Requirement: Pictures aside, repeat every entry exactly.

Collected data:
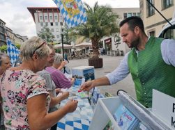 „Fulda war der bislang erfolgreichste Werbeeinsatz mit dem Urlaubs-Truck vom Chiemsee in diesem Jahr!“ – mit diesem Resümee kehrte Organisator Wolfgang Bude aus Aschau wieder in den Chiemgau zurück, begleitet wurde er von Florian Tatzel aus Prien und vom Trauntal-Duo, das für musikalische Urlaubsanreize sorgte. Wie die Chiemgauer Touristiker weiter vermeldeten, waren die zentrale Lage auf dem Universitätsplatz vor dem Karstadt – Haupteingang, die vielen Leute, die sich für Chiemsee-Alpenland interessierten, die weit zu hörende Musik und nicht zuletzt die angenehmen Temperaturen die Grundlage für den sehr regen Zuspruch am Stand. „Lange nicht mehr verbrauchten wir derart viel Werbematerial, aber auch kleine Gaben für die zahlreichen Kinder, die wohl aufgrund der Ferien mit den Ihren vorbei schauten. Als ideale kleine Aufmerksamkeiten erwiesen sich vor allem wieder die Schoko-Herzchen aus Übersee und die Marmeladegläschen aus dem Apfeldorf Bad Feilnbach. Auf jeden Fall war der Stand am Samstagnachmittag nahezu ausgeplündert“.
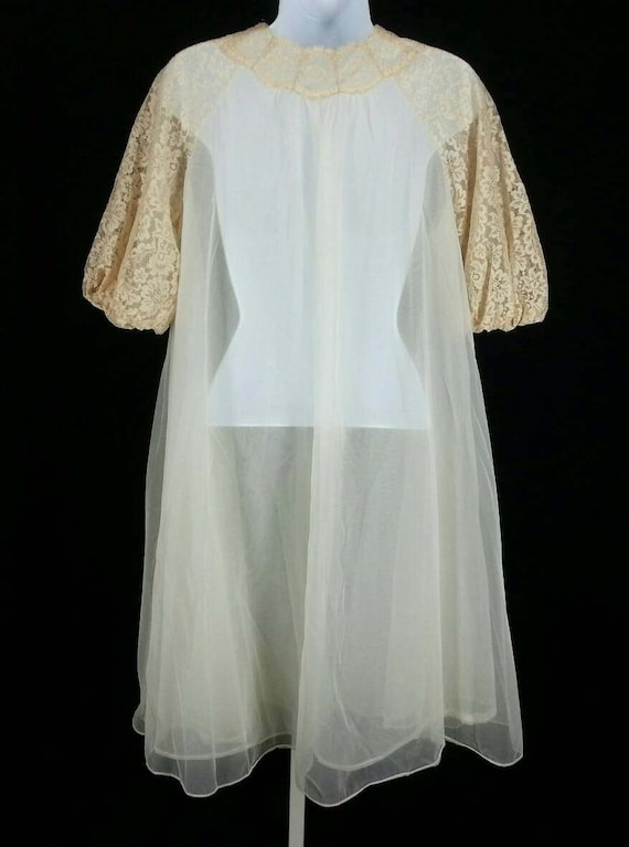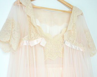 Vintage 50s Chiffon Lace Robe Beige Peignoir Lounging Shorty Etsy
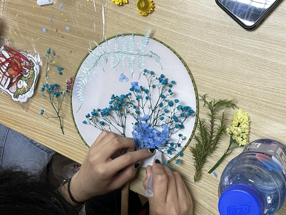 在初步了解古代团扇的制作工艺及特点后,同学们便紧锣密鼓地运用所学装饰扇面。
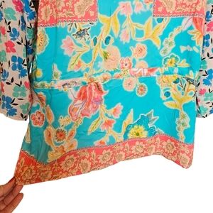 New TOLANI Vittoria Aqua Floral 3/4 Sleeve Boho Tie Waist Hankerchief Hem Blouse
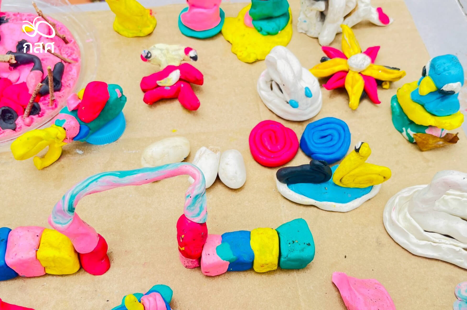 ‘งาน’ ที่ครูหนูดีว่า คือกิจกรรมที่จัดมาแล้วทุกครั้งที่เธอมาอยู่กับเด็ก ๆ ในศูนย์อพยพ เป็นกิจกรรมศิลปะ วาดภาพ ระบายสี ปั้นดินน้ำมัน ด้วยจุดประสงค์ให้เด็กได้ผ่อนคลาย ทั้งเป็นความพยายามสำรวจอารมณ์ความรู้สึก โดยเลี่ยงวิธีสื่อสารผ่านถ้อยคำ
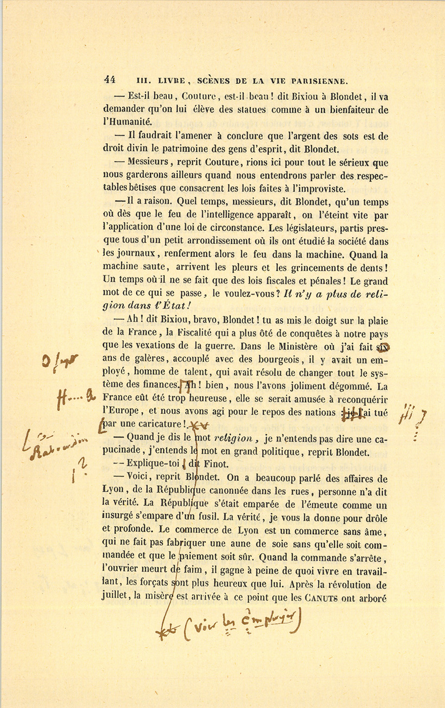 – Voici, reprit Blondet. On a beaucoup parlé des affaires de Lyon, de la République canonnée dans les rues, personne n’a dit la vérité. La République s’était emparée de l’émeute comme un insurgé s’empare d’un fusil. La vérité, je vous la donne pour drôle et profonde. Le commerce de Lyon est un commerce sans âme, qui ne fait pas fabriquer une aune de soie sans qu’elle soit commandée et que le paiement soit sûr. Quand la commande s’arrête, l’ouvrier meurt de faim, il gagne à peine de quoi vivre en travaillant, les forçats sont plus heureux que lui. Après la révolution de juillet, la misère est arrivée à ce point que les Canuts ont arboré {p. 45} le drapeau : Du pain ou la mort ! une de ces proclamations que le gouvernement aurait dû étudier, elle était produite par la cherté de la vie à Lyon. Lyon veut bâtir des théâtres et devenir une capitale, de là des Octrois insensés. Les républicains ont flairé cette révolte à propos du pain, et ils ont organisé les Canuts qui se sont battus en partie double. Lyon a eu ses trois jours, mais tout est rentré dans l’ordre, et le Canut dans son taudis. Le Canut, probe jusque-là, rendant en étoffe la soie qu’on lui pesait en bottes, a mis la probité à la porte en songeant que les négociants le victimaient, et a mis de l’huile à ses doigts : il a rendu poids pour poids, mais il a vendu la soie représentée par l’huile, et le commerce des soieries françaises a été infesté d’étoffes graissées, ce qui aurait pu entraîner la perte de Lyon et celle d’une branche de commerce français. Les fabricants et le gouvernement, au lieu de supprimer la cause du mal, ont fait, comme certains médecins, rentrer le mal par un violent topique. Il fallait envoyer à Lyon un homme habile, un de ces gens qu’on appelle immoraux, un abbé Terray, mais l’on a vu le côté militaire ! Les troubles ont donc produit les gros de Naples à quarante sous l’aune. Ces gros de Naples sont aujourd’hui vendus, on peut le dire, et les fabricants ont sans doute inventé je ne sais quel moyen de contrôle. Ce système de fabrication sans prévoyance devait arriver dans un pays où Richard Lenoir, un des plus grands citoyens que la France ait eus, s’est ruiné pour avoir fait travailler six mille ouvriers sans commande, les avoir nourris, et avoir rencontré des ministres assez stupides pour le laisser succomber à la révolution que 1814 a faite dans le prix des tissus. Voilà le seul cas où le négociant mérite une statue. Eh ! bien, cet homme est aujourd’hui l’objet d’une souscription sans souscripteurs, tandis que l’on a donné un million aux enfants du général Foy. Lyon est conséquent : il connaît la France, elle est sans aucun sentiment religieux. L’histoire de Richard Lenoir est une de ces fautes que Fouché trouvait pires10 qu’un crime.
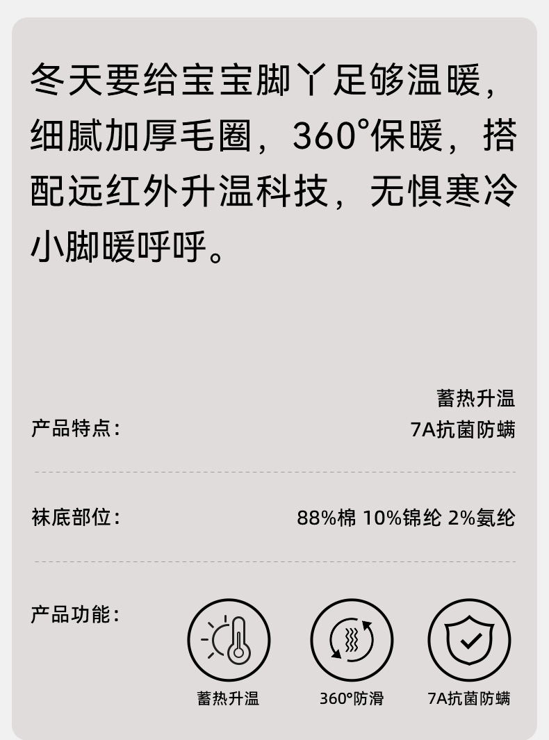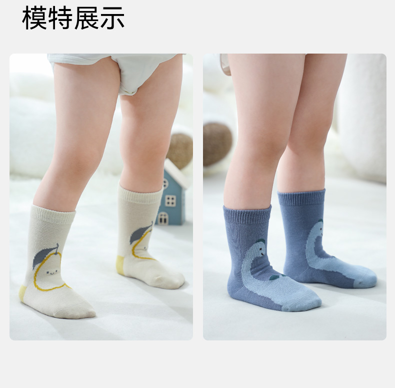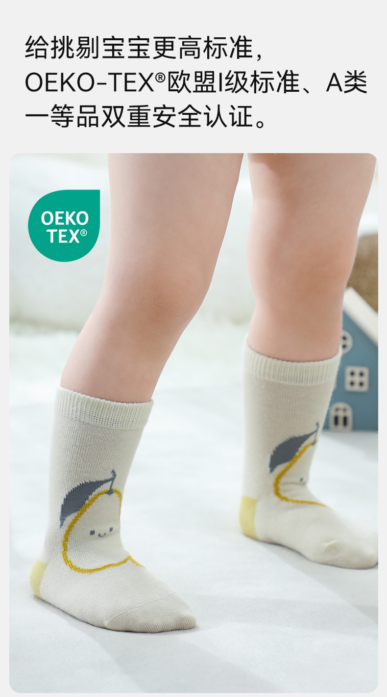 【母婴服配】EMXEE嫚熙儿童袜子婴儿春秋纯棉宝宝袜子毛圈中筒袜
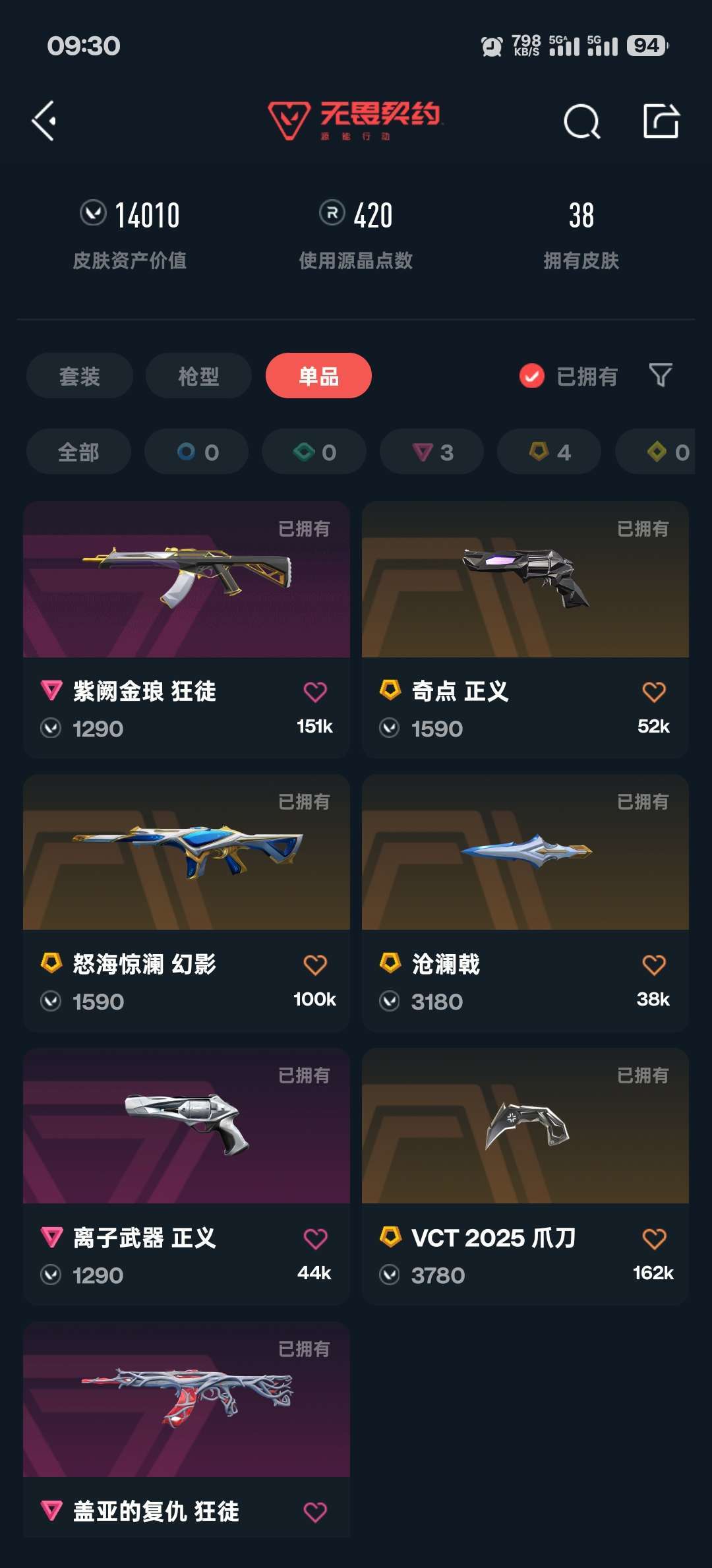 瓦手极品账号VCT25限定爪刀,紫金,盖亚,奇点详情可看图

Response to the task:
 „Fulda war der bislang erfolgreichste Werbeeinsatz mit dem Urlaubs-Truck vom Chiemsee in diesem Jahr!“ – mit diesem Resümee kehrte Organisator Wolfgang Bude aus Aschau wieder in den Chiemgau zurück, begleitet wurde er von Florian Tatzel aus Prien und vom Trauntal-Duo, das für musikalische Urlaubsanreize sorgte. Wie die Chiemgauer Touristiker weiter vermeldeten, waren die zentrale Lage auf dem Universitätsplatz vor dem Karstadt – Haupteingang, die vielen Leute, die sich für Chiemsee-Alpenland interessierten, die weit zu hörende Musik und nicht zuletzt die angenehmen Temperaturen die Grundlage für den sehr regen Zuspruch am Stand. „Lange nicht mehr verbrauchten wir derart viel Werbematerial, aber auch kleine Gaben für die zahlreichen Kinder, die wohl aufgrund der Ferien mit den Ihren vorbei schauten. Als ideale kleine Aufmerksamkeiten erwiesen sich vor allem wieder die Schoko-Herzchen aus Übersee und die Marmeladegläschen aus dem Apfeldorf Bad Feilnbach. Auf jeden Fall war der Stand am Samstagnachmittag nahezu ausgeplündert“.
 Vintage 50s Chiffon Lace Robe Beige Peignoir Lounging Shorty Etsy
 在初步了解古代团扇的制作工艺及特点后,同学们便紧锣密鼓地运用所学装饰扇面。
 New TOLANI Vittoria Aqua Floral 3/4 Sleeve Boho Tie Waist Hankerchief Hem Blouse
 ‘งาน’ ที่ครูหนูดีว่า คือกิจกรรมที่จัดมาแล้วทุกครั้งที่เธอมาอยู่กับเด็ก ๆ ในศูนย์อพยพ เป็นกิจกรรมศิลปะ วาดภาพ ระบายสี ปั้นดินน้ำมัน ด้วยจุดประสงค์ให้เด็กได้ผ่อนคลาย ทั้งเป็นความพยายามสำรวจอารมณ์ความรู้สึก โดยเลี่ยงวิธีสื่อสารผ่านถ้อยคำ
 – Voici, reprit Blondet. On a beaucoup parlé des affaires de Lyon, de la République canonnée dans les rues, personne n’a dit la vérité. La République s’était emparée de l’émeute comme un insurgé s’empare d’un fusil. La vérité, je vous la donne pour drôle et profonde. Le commerce de Lyon est un commerce sans âme, qui ne fait pas fabriquer une aune de soie sans qu’elle soit commandée et que le paiement soit sûr. Quand la commande s’arrête, l’ouvrier meurt de faim, il gagne à peine de quoi vivre en travaillant, les forçats sont plus heureux que lui. Après la révolution de juillet, la misère est arrivée à ce point que les Canuts ont arboré {p. 45} le drapeau : Du pain ou la mort ! une de ces proclamations que le gouvernement aurait dû étudier, elle était produite par la cherté de la vie à Lyon. Lyon veut bâtir des théâtres et devenir une capitale, de là des Octrois insensés. Les républicains ont flairé cette révolte à propos du pain, et ils ont organisé les Canuts qui se sont battus en partie double. Lyon a eu ses trois jours, mais tout est rentré dans l’ordre, et le Canut dans son taudis. Le Canut, probe jusque-là, rendant en étoffe la soie qu’on lui pesait en bottes, a mis la probité à la porte en songeant que les négociants le victimaient, et a mis de l’huile à ses doigts : il a rendu poids pour poids, mais il a vendu la soie représentée par l’huile, et le commerce des soieries françaises a été infesté d’étoffes graissées, ce qui aurait pu entraîner la perte de Lyon et celle d’une branche de commerce français. Les fabricants et le gouvernement, au lieu de supprimer la cause du mal, ont fait, comme certains médecins, rentrer le mal par un violent topique. Il fallait envoyer à Lyon un homme habile, un de ces gens qu’on appelle immoraux, un abbé Terray, mais l’on a vu le côté militaire ! Les troubles ont donc produit les gros de Naples à quarante sous l’aune. Ces gros de Naples sont aujourd’hui vendus, on peut le dire, et les fabricants ont sans doute inventé je ne sais quel moyen de contrôle. Ce système de fabrication sans prévoyance devait arriver dans un pays où Richard Lenoir, un des plus grands citoyens que la France ait eus, s’est ruiné pour avoir fait travailler six mille ouvriers sans commande, les avoir nourris, et avoir rencontré des ministres assez stupides pour le laisser succomber à la révolution que 1814 a faite dans le prix des tissus. Voilà le seul cas où le négociant mérite une statue. Eh ! bien, cet homme est aujourd’hui l’objet d’une souscription sans souscripteurs, tandis que l’on a donné un million aux enfants du général Foy. Lyon est conséquent : il connaît la France, elle est sans aucun sentiment religieux. L’histoire de Richard Lenoir est une de ces fautes que Fouché trouvait pires10 qu’un crime.
 【母婴服配】EMXEE嫚熙儿童袜子婴儿春秋纯棉宝宝袜子毛圈中筒袜
 瓦手极品账号VCT25限定爪刀,紫金,盖亚,奇点详情可看图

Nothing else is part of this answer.